What’s cooking? arugula pesto

Greens

Summer heat has arrived, and our organic kitchen garden is exploding with edibles. Mind you, that’s only because I water it every other day. We’ve had no moisture in the past six weeks, and precious little for the past ten months. In fact, our county has just officially slipped into severe drought status. Oh, for rain!

Still, we’ve got an abundance of greens and herbs. So I’ve been making pesto. Basil pesto last Friday, chervil pesto Sunday, and tonight, arugula pesto. Pesto is the simplest way I know of to preserve fresh herbs and their burst of flavor (and vitamins) for later use. I fill cup-sized jars with it and either put them in the fridge for use in the next few weeks, or freeze them. In winter, we use pesto as a sandwich spread (it’s much healthier than mayo or butter), a sauce for rice, pasta, or simply steamed vegetables, and an addition to savory muffins and other baked goods.

Pesto

Pesto is ridiculously easy to make if you have a food processor or blender (you can also pound it in a mortar and pestle). Plant a few pots of leafy herbs (like parsley, basil, chervil, or cilantro) and you are set to harvest your own pesto makings, a truly satisfying enterprise.

The basic recipe for pesto is simple:

2 cups of fresh herbs (wash and trim tough stems and browned leaves)
2 – 4 cloves of garlic
1/4 cup hard, aged cheese (Parmesan, Asiago, Manchego–any kind you like)
1/4 cup nuts (traditionally, pine nuts, but I go for more local nuts, including pecans, walnuts and pepitas, pumpkin seeds)
1/4 – 1/2 cup good olive oil (I use organic oil; more makes thinner pesto, less makes thicker pesto)

Experimenting with different herbs and different kinds of nuts and cheese is fun, and gives you a sense of the flavor variations possible in this most versatile way to preserve summer’s garden herbs for now or for months later.

Arugula

This morning I noticed that the arugula, which does not like heat, was bolting. So I thinned it out, harvesting about a half-pound of fresh green leaves and flower buds. Hence tonight’s pesto-making.

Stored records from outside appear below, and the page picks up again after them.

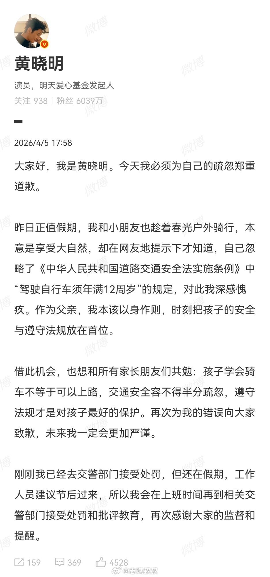 毕竟明星作为公众人物,这波也是起了警醒作用。。 黄晓明带9岁娃骑行再温馨也违法 黄晓明就带娃骑行道歉 广州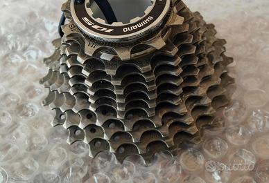 Dentatura 11x25 .Percorsi 100 km e poi sostituita con 105 11/30. Praticamente muovo. La ghiera è del 105 nuovo che ho sostituito ma la cassetta pignoni è ULTEGRA.
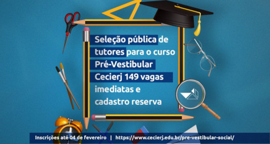As inscrições devem ser realizadas até o dia 4 de fevereiro de 2024, mediante o pagamento da taxa de R$40, exclusivamente no formulário que está disponível na página http://www.cecierj.edu.br/pre-vestibular-social/. As vagas são para tutores das seguintes disciplinas: Biologia, Espanhol, Física, História, Geografia, Inglês, Matemática, Português (Língua Portuguesa e Literatura Brasileira), Química, Redação e Mediação em Libras.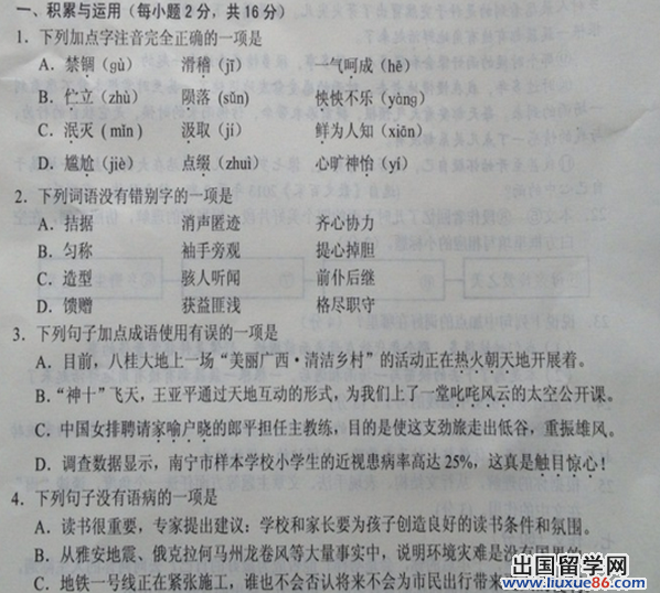 一次考试不是一次重大命运转折,只是一次对知识掌握程度的评测。为了能给大家第一时间内分享中考语文试题的相关信息,出国留学网会及时更新出所需要的信息资料,供2014年南宁中考考生们为复习做准备,请届时关注。(CTRL+D即可收藏)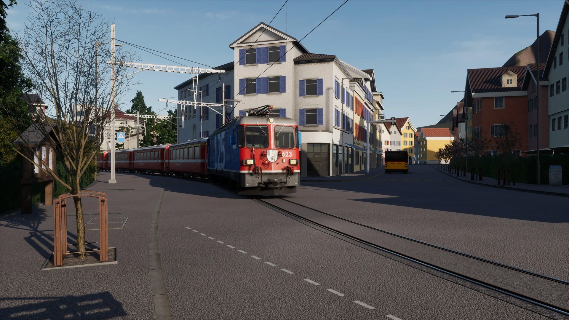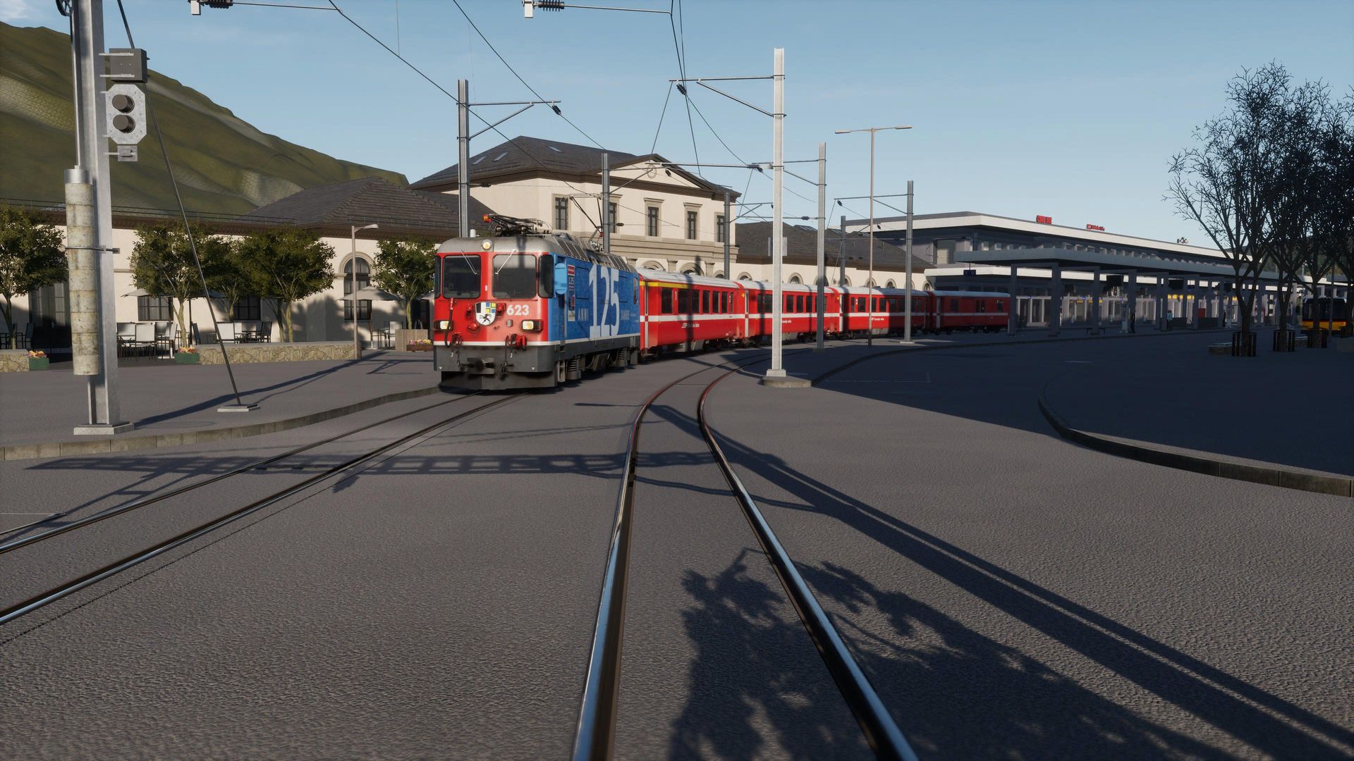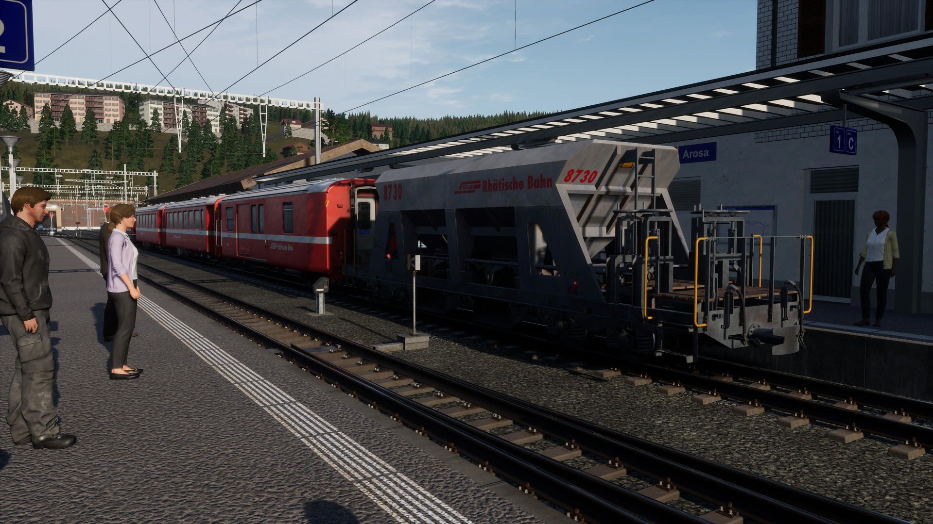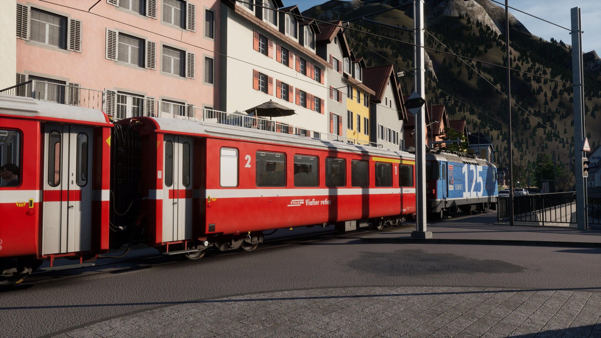 Der Rest hingegen genießt hier fast schon klischeehaftes, schweizer Alpenflair und Gebirgsbahn pur. Auf Straßenbahngleisen schlängeln wir uns vom Bahnhof aus erst einmal mitten durch die Stadt Chur, ehe wir die Stadt Richtung Gebirge verlassen und uns mit bis zu 6% Steigung den Berg auf 1000mm Schmalspurgleisen nach Arosa nach oben schlängeln.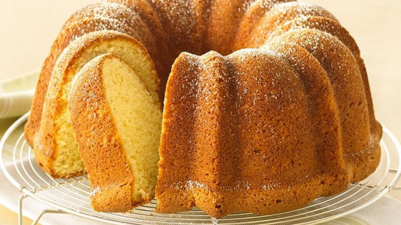 يسكب الخليط في قالب الكيك. ثم يساوى بالسباتولا من الوجه.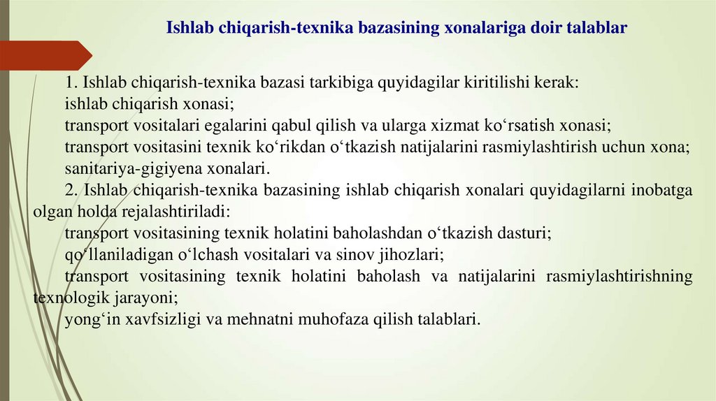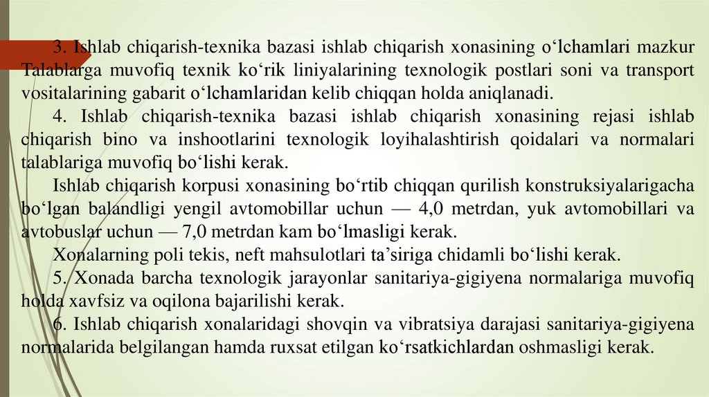 3. Ishlab chiqarish-texnika bazasi ishlab chiqarish xonasining o‘lchamlari mazkurTalablarga muvofiq texnik ko‘rik liniyalarining texnologik postlari soni va transport

That’s the arugula, a peppery green, in the photo above, washed and about to be stored in the fridge in a clean, dampened kitchen towel to keep it moist. (I don’t use paper towels much anymore; cloth towels work just as well in most instances and they’re much more sustainable since you can reuse them over and over again.) Arugula is in the mustard family, along with broccoli, kale, cabbage, cauliflower, mizuna, and, of course, mustard greens.

Here’s my recipe for arugula pesto, a wonderfully green and peppery sauce or spread (that’s my arugula pesto in the photo near the beginning of the post):

Susan’s arugula pesto

2 cups arugula leaves, stems, and flower buds
½ cup spinach leaves (to lend its fresh green color to the pesto)
2 cloves garlic
½ cup Manchego or other hard, aged cheese, cut into one-inch chunks
½ cup pecans
½ cup olive oil

Ingredients

Wash the arugula, pat or spin dry, and cut out any coarse stems. Whirl garlic cloves in food processor until minced. Add nuts and cheese, and pulse until the mixture looks like a coarse meal. Add arugula and spinach and process while slowly pouring in olive oil. Makes about 1 cup and a half of pesto, a generous amount for pasta for four people. Enjoy!

*****

On a personal note, I have to say that preserving the harvest from our kitchen garden, something I have always found very satisfying, is bittersweet this summer. As I label jars of pesto and put them in the freezer, I wonder if Richard will be with me to savor them on his lunchtime sandwiches come winter. It’s a punch-in-the-gut reminder that we never know what’s ahead, even though we often live as if our lives were infinite. Richard’s brain cancer is teaching us to savor each moment, because it’s what we have.

I’m not freezing all the pesto. We ate some on tortilla chips before tonight’s dinner, because it was fresh and we were together to enjoy it.